**Supplied data**
──────────────────────────────

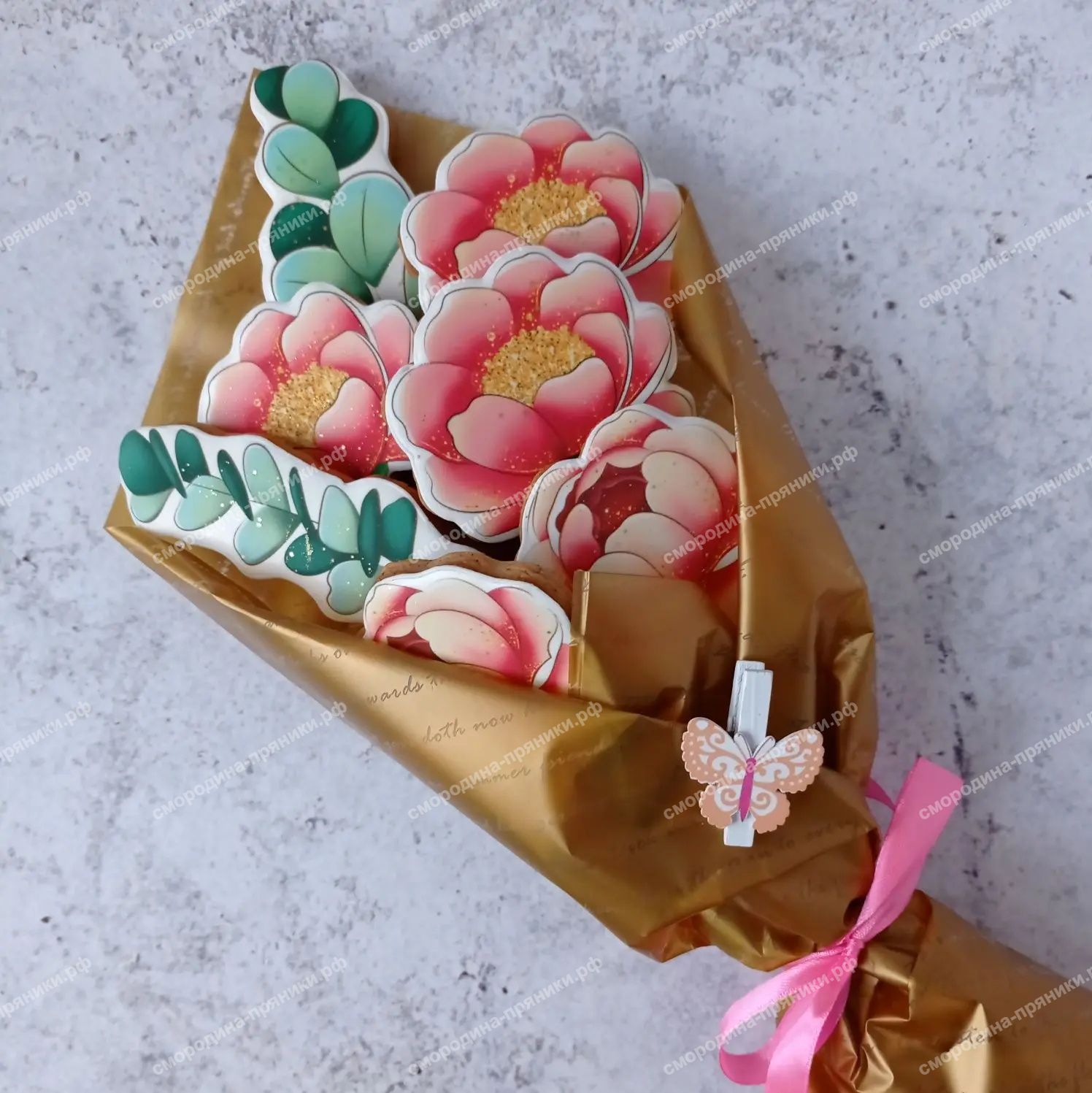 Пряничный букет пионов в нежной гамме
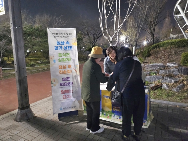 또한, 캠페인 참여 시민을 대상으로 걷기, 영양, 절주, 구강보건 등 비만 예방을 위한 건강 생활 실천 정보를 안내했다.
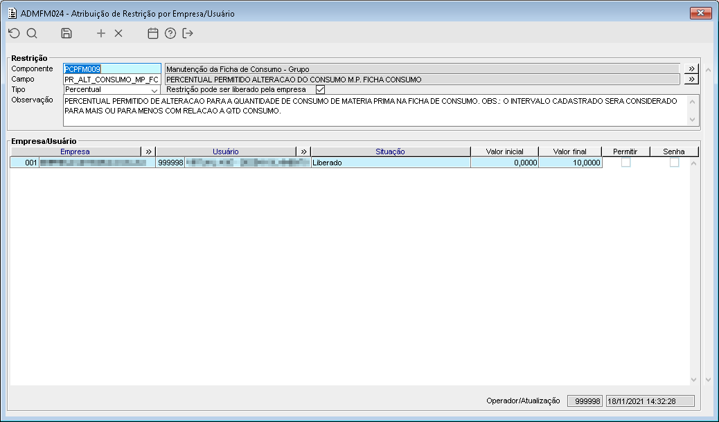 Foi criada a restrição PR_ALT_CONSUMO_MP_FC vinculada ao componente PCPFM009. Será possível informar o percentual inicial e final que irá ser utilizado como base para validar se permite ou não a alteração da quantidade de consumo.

──────────────────────────────

**What the task requires**
Write the data above out exactly. Leave out any pictures.

**Response to this task**
 Пряничный букет пионов в нежной гамме
 또한, 캠페인 참여 시민을 대상으로 걷기, 영양, 절주, 구강보건 등 비만 예방을 위한 건강 생활 실천 정보를 안내했다.
 Foi criada a restrição PR_ALT_CONSUMO_MP_FC vinculada ao componente PCPFM009. Será possível informar o percentual inicial e final que irá ser utilizado como base para validar se permite ou não a alteração da quantidade de consumo.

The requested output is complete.